Records shown Start Marker

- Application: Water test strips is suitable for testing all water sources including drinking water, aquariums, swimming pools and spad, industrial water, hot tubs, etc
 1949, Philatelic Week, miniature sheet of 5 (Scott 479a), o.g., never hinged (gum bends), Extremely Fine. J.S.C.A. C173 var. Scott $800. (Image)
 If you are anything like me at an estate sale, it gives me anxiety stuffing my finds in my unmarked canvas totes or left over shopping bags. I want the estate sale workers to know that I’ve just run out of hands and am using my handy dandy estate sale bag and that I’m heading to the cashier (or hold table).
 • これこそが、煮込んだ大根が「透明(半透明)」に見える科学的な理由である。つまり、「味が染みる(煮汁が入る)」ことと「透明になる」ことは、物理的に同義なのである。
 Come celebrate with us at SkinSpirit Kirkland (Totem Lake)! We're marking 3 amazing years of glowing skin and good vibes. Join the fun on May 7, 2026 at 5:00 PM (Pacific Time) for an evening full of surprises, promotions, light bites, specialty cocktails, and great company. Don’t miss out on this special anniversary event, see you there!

Records shown End Marker
Records shown Start Marker

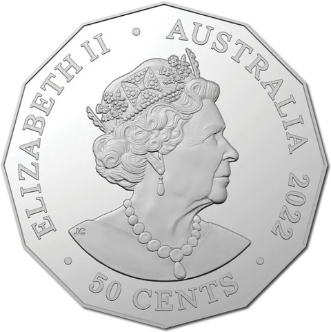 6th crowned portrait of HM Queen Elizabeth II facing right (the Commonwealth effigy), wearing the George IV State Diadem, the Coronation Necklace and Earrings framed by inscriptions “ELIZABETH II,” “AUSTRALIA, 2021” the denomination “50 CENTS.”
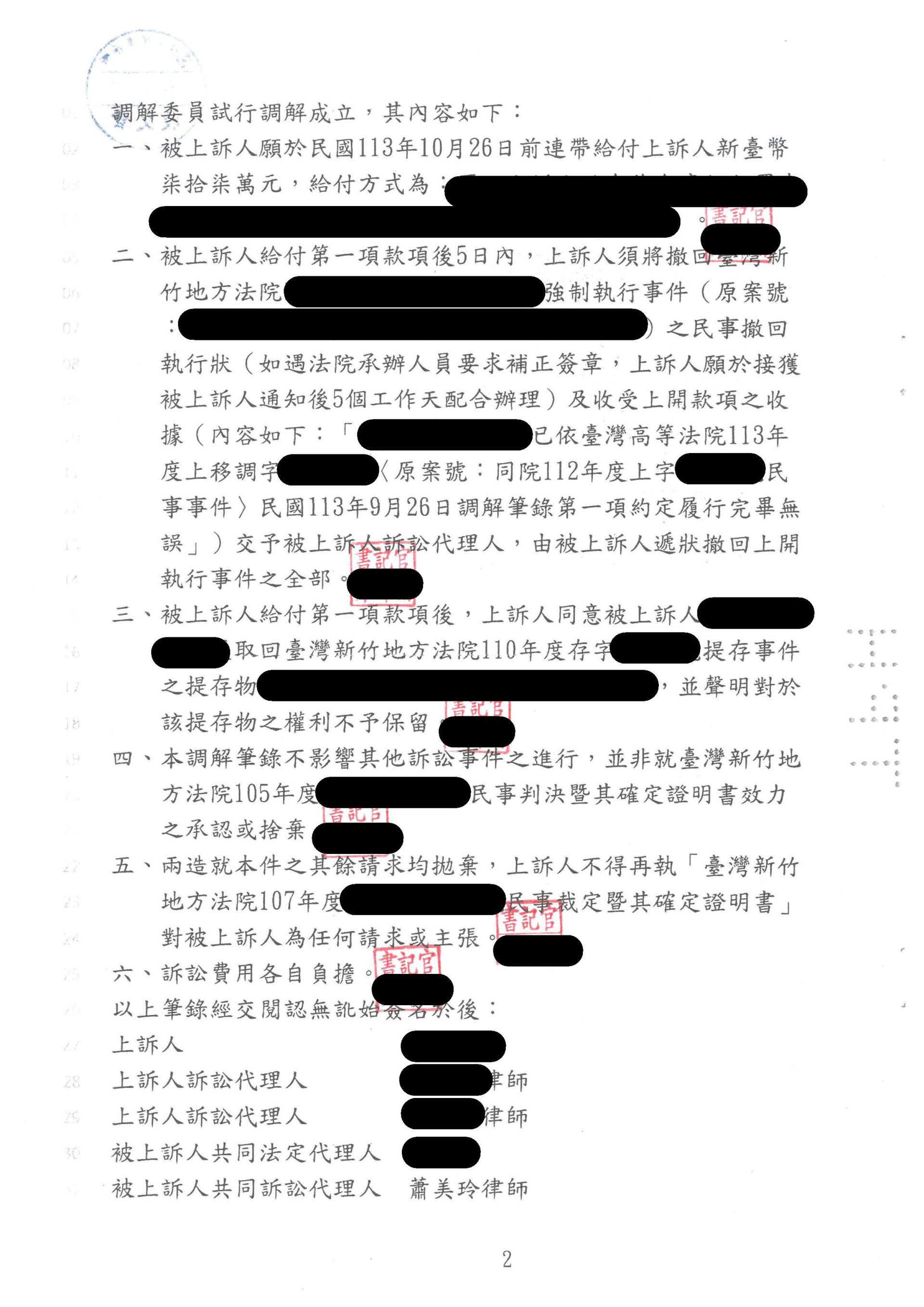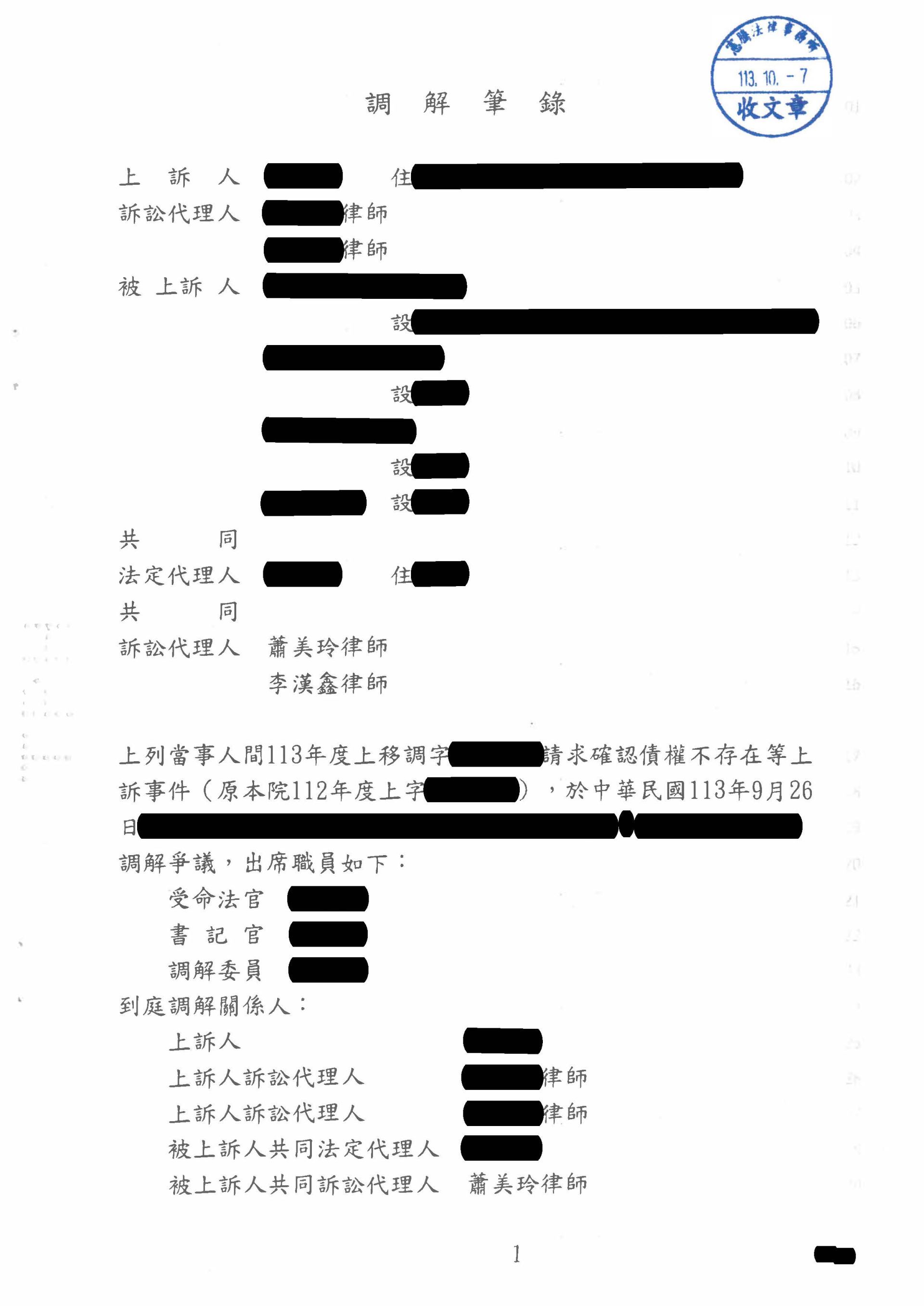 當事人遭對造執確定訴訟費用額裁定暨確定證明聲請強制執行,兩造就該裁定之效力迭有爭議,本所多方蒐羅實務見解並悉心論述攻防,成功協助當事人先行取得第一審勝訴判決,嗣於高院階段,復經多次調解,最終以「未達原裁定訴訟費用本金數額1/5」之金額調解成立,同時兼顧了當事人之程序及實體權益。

Records shown End Marker

From the records above, give again exactly the lines running from the line with "- Application: Water" to the line with "Come celebrate with", inclusive.

Task output:
- Application: Water test strips is suitable for testing all water sources including drinking water, aquariums, swimming pools and spad, industrial water, hot tubs, etc
 1949, Philatelic Week, miniature sheet of 5 (Scott 479a), o.g., never hinged (gum bends), Extremely Fine. J.S.C.A. C173 var. Scott $800. (Image)
 If you are anything like me at an estate sale, it gives me anxiety stuffing my finds in my unmarked canvas totes or left over shopping bags. I want the estate sale workers to know that I’ve just run out of hands and am using my handy dandy estate sale bag and that I’m heading to the cashier (or hold table).
 • これこそが、煮込んだ大根が「透明(半透明)」に見える科学的な理由である。つまり、「味が染みる(煮汁が入る)」ことと「透明になる」ことは、物理的に同義なのである。
 Come celebrate with us at SkinSpirit Kirkland (Totem Lake)! We're marking 3 amazing years of glowing skin and good vibes. Join the fun on May 7, 2026 at 5:00 PM (Pacific Time) for an evening full of surprises, promotions, light bites, specialty cocktails, and great company. Don’t miss out on this special anniversary event, see you there!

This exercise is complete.